Ivan Shishkin is known in Russian landscape painting as a composer of hymns to the wealth and grandeur of Russian nature. Shishkin is attracted by the epic tranquility of the Russian forest, the vastness of ripe cornfields. Not only does he share with the spectator his admiration of the perfection of nature, but also his own view of it as the source of the welfare of the country and its people. Hence the profound national feeling of Shishkin's landscapes, their measured composition and close links with the popular ideas about the beauty of one's native land. Simultaneously Shishkin studied nature both as an artist and a naturalist. Pedantically accurate in communicating details and particulars, an expert in the anatomy of trees, of the structure of the soil, of the wild life of the fields and woods, Shishkin strove also to subordinate accuracy to the expressiveness of the whole.
For Shishkin and his contemporaries, the image of nature could not be separated from the idea of Russia, its people and their destiny.

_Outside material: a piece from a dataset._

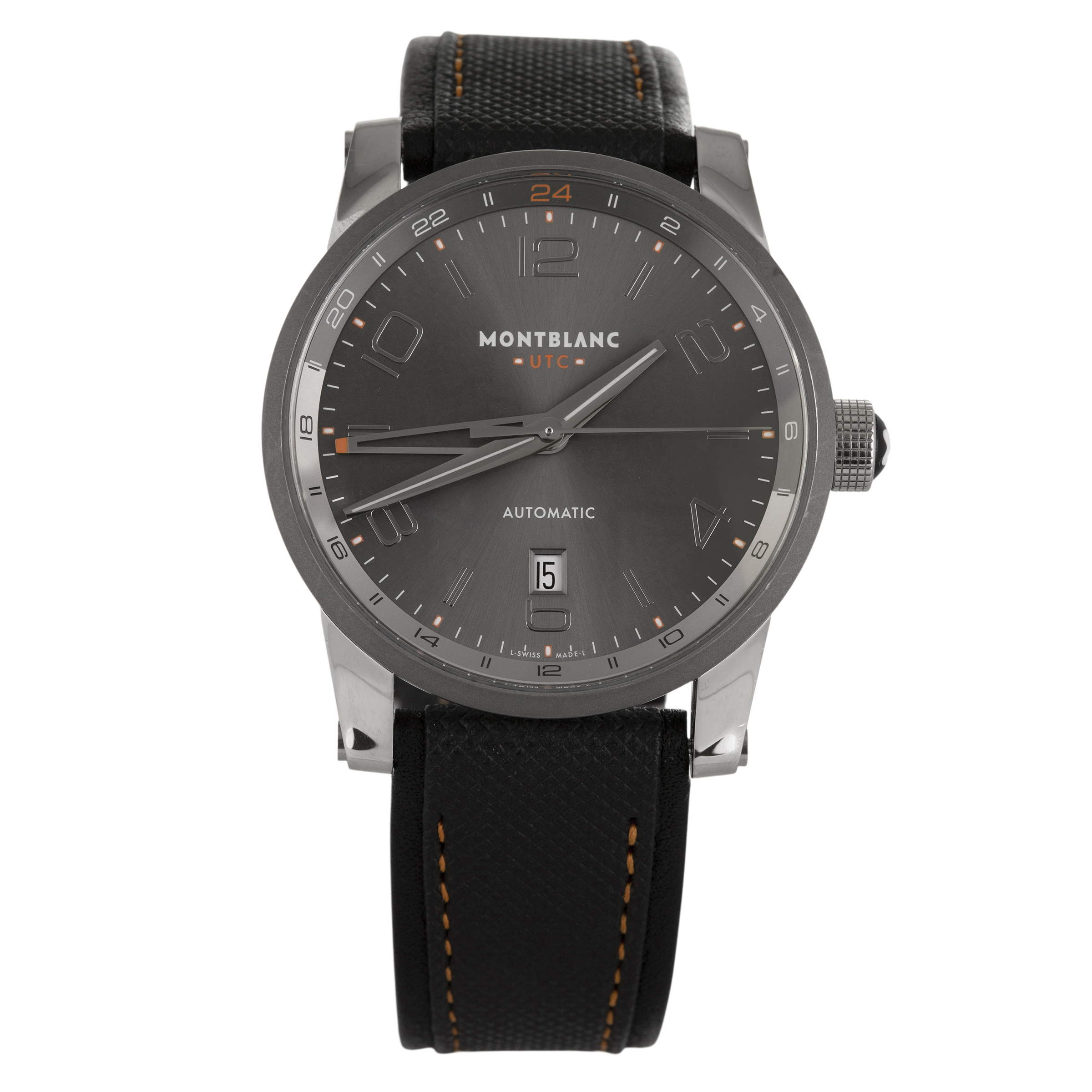 MONTBLANC. Relógio Timewalker UTC de aço com movimento automático, calendário, vidro de safira, anos 2015. Caixa 42mm. Pulseira de couro 22cm.

The famous critic Stassov described Shishkin’s paintings as “landscapes for heroes,” but at the same time, Shishkin attempted the most exact and scientific approach to the subject represented. This was noted by his friend, the painter Kramskoy: “The forest is wild, the ferruginous water of the stream is dark yellow, with the stream bed covered in rocks...”. Shishkin has been described as “a realist with deep inner convictions who knew how to feel deeply and to love nature with a passion...”. But with all of this in mind, it must be pointed out that the artist introduces contrasts into his landscape, making it theatrical and giving us a kind of “spectacle of nature.”